Contrary to the dissenters’ opinion, I believe that the domestic court’s language does point in the direction of gender stereotypes and that the Court does well to uncover them. There are two references pointing to gendered reasoning in the domestic court’s decision: the reference to the fact that the applicant had children to underestimate the importance of sex in her life and the assumption that she had to take care of her husband. The children reference implies, as the Court states, that female sexuality is linked to child-bearing. The husband reference openly assumes that women’s role is to take care of their husbands. Judge Motoc nicely unpacks both gender stereotypes in her concurring opinion (14).
Unlike the age stereotype floating on the surface, the gender stereotypes lie beneath the domestic court’s reasoning. Progress in recent years to reduce discrimination formally makes it less and less likely that courts are going to use the kind of explicit stereotype expected by the dissenters: “women’s sexual life is less important than that of men” (37). To borrow from judge Yudkivska’s opinion, “the more equality is provided for by law, the more subtle gender discrimination becomes, precisely because stereotypes about the “traditional” roles of men and women are so deeply rooted.”

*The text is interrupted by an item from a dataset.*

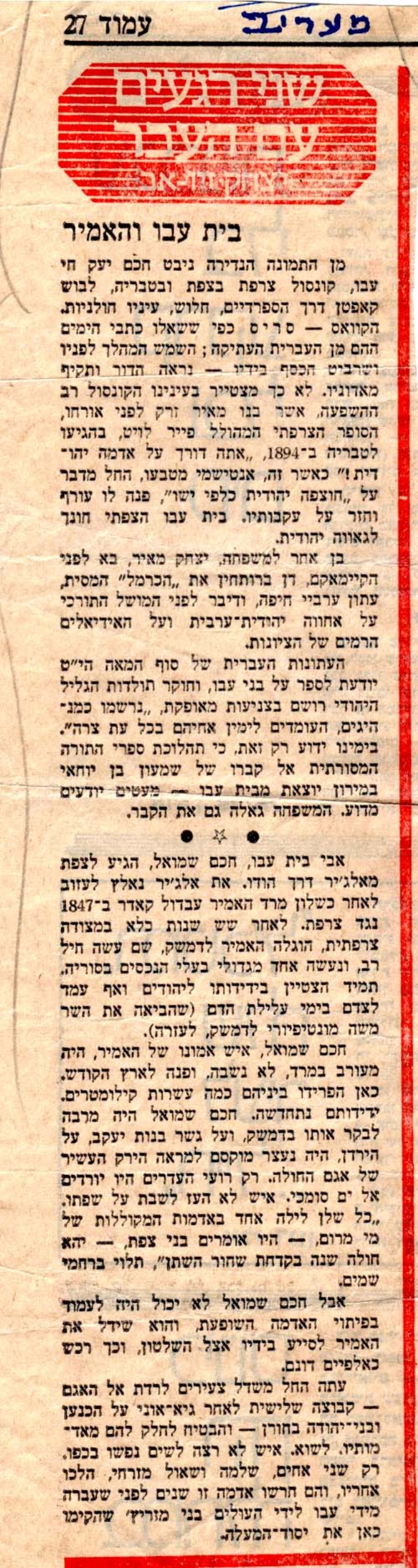 See also “The Abbo Family and the Emir,” by Yitzhak Ziv-Av, in Ma’ariv.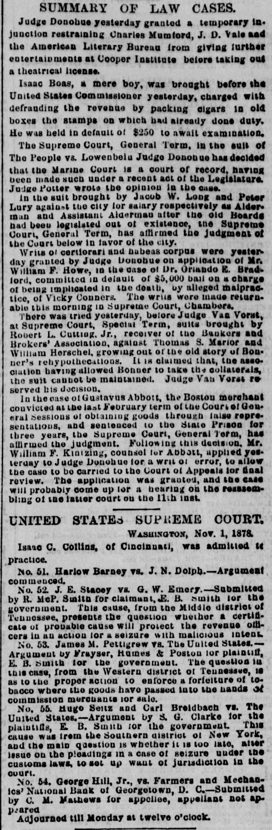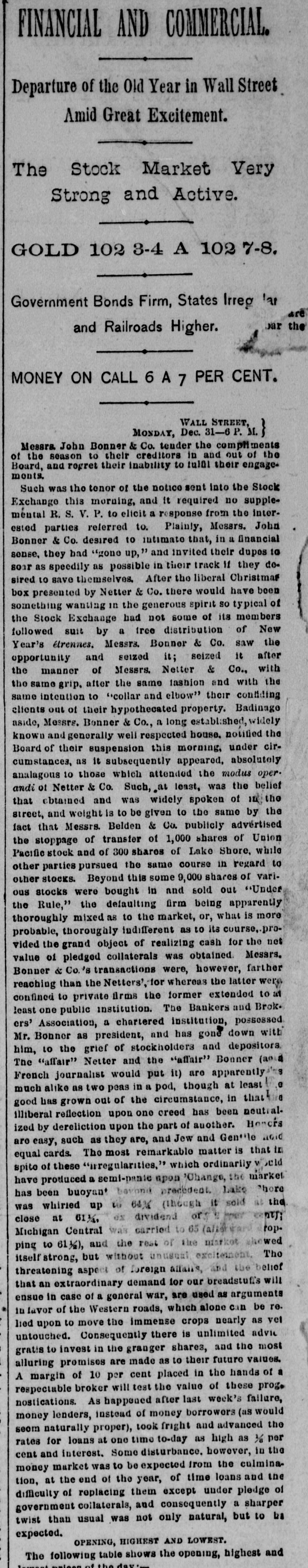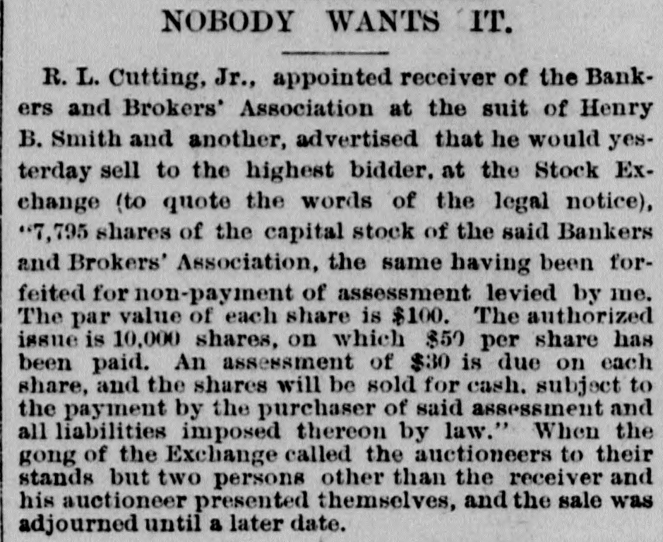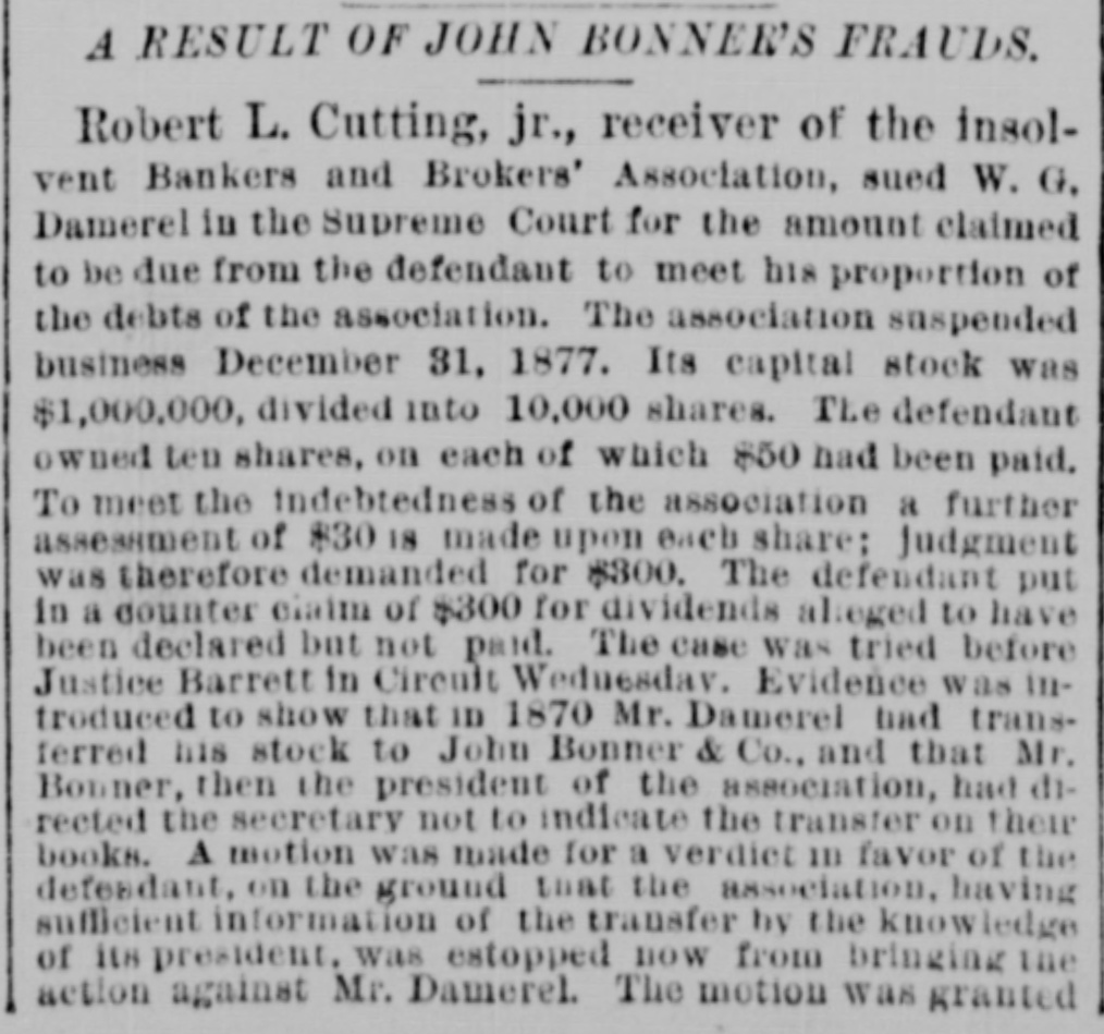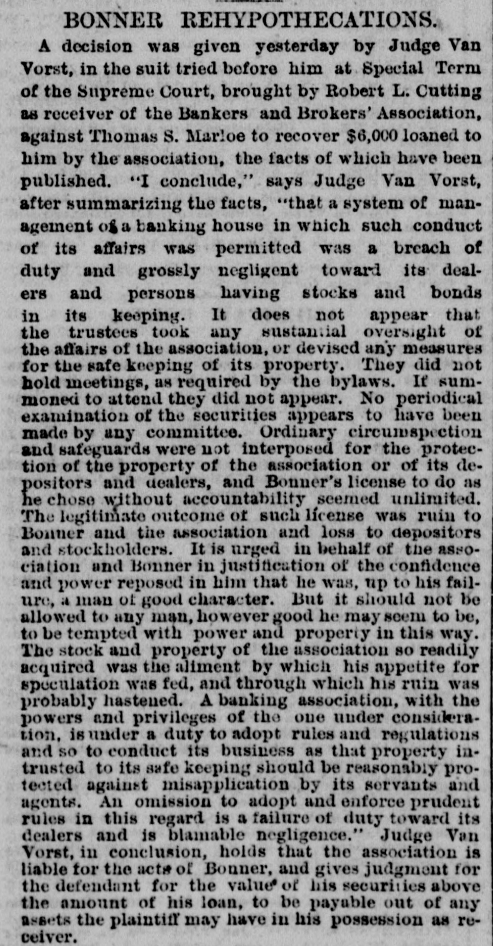 Ruin of the Bankers and Brokers' Association. A MILLION DOLLARS INVOLVED. Statements o Those Whose Securities Were Repledged. GONE TO JOIN MURPHY. Wall street and its environs were in a state of profound agitation yesterday. It was another instance of the "utilization of margins.' Rehypothecation again resulted in suspension, with "differences" of some $400,000. In other words, the firm of John Bonner & Co., brokers, No. 32 Broad street, failed, leaving no assets to meet obligations incurred to about the sum mentioned. Rumors of disaster filled the air before the beginning of business on the Exchange, and shortly alter the following notice, read from the chairman's desk, opened the first chapter of a day's history not soon to be forgotten in huancial circles:To THE PRESIDENT AND MEMBERS OF THE STOCK ExCHANGE GENTLEMEN-We regret to announce our inability to meet our engagements. We have appointed Mr. Burr Griswold, of the firm of Blatenford, Seward Griswold & Da Costa. our assignee, who is preparing " statement of our affairs. Yours,respectfally, JOHN BONNER & CO. When It is known that the suspended arm had made advances on securities valued at considerably more than $2,000,000, belonging to about three score firms and individuals in and about Wall street, one can readily imagine the effect of this announcement. The offices of the firm were early besieged by an anxious throng of interested fluanciers bent on Biforts to trace their securities and nervous with fear at the prospect of heavy losses. The books of Bonner & Co. were found to have been well kept, and everything was written up to the very last transactions of Saturday afternoon. Mr. Bonner was missing. It was believed he had fled to Canada. With such excellent aid as the well kept accounts afforded it did not require much time to learn how the crash had come about Meantime the street was being treated to a second chapter in the story of failure. The Bankers and Brokers' Association, which started in 1867. with a half paid up capital of $1,000,000, with Mr. Bonner for its president, announced in a card over the cashier's winbank has suspended payment. In brief, It has been said of this concern's relation to Mr. Bonner that "he carried It in his pocket," an assertion that receives pronounced emphasis from the circumstances of his flight. The concern owes deposltors about $50,000 and has no assets. Its stock, NCcording to a clause in its charter, is to day not only worthless, but represents this debt due to the depositors. It is an obligation to be met in the future. MR. BONNER'S METHOD. Mr. Bonner industriously worked off the stock of the Bankers and Brokers' Association among the other securit es rehypothecated by him in the course of his business. For instance, he would loan $20,000 on a let of securities to some Wall street firm, and with 100 shares of Bankers and Brokers' Association stock thrown in would raise $25,000 or $30,000 on the same lot somewhere else. To obtain busi. ness he loaned money at low rates of interest while paying high rates for its use himself, and rumor had it yesterday that he had actually sold some of the securities on which he had made advances. One of the last acts attilbuted to him was characteristic The story goes that in the Steck Exchange on Saturday afternoon he had the stock of the Bankers and Brokers' Association bid up to 85. While this record of its value was being ticked through the street on the wires of the Exchange he is said to have taken to some house down town $100,000 worth of the stock, on which he obtained an advance of $25,000. In his system of rehypothecation he divided lots and mixed in as often as possible small lots of bankers and brokers' stock. In consequence of this borrowers find it matter of some difficulty to trace, or when traced to redeem their se. curities. This circumstance made it matter of Da. possibility to locate all the losses. Indeed, the firms most concerned cannot tell the extent of their losses. At the Stock Exchange there were bought in "under the rule" for the account of John Bonner & Co. 3,000 shares Delaware, Lackawanna and Western. 500 Lake Shore, 100 Morris and Essex, 100 Panama and 100 Pacife Mail, and there were sold out "under the rule" 500-Western Union, 1,400 Lake Shore, 400 Northwest preferred, 600 New York Central, 500 Michigan Central, 300 Northwest common, 200 St. Paul common and 2,100 shares St. Paul preferred. Mr. Arthur Sewell, a son-in law of Mr. Lester Wallack, 18 the junior partner of the firm of John Bonner & Co. He was in the office of the firm during the forenoon, but had very little to say. He seemed to be greatly affected by the condition of affairs disclosed, and had the sympathy of the street in his unfortu nate predicament. It was thought be should have known something of his partner's manner of doing business, but it was generously concluded that he had been betrayed. Rumor said he knew of the flight of Mr. Bonner on Sunday and consulted his lawyers then, but by that time It is believed Mr. Bonner was well on his Way toward Canada, from which he originally came and where be said to have several relatives. BANKERS' AND BROKERS' ASSOCIATION. The Bankers' and Brokers' Association was organIzed under a law of the State in 1867. It was originally intended as a clearing house for stocks for brokers of limited capital. It was not much of a success, however, as it was found difficult to effect the purpose intended in consequence of the diversified nature of stock transactions, the lateness of the hour at which business ploses on the Exchange, and the fact that deallogs had through it exposed operators doings to the prying gaze of interested dinanciers. Mr. Bonuer was always its head and front. Its capital stock of $1,000,000 WILS half paid up. This has all disappeared through Bonner 8 manipulations and it now owes some forty depositors about $50,000. This amount is considered safe if the bona fide stockbolders are responsible for the amou

Stereotypes may oftentimes operate subtly rather than overtly and, for this reason, be hard to spot and challenge. Their subtle forms, however, should not preclude the Court from bringing them to the surface given the potential harms they may cause in the individual case and beyond. Judging on the basis of stereotypes precludes an actual inquiry into the facts of the case, lead to disregard for individual circumstances, undermine individual access to justice, and ultimately, compromise the fairness and impartiality of the justice system. The Court seems aware of some of these dangers when it notes that “the Supreme Administrative Court made a general assumption without attempting to look at its validity in the concrete case of the applicant herself …” (§52 emphasis added).
Carvalho Pinto is ultimately an intersectionality case. Ageism and sexism interact, one openly and the other subtly, to undermine the importance of non-reproductive sex in the applicant’s life and to shape the compensation she receives for the damage caused by medical malpractice. The Court could have paid more attention to the age dimension. It could have also addressed the intersectional discrimination more explicitly (see also post by Senem Gurol). Carvalho Pinto is still a laudable non-discrimination judgment. It unveils gender bias in judicial reasoning by naming the gender stereotypes, by describing their workings in the concrete case and by assessing their influence on the judicial decision. The judgment represents a key step in the Court’s anti-stereotyping case law and reinvigorates Article 14 jurisprudence.
 On the importance of naming and contesting stereotypes, see e.g. Cook and Cusack, Gender Stereotyping: Transnational Legal Perspectives (University of Pennsylvania Press, 2010) and Timmer, “Toward an Anti-Stereotyping Approach for the European Court of Human Rights,” 11 Human Rights Law Review (2011) 707-738.
 See e.g. Timmer, “Toward an Anti-Stereotyping Approach for the European Court of Human Rights.”
 Cusack, Simone, “Eliminating judicial stereotyping: Equal access to justice for women in gender-based violence cases,” Final Paper submitted to the Office of the High Commissioner for Human Rights on 9 June 2014.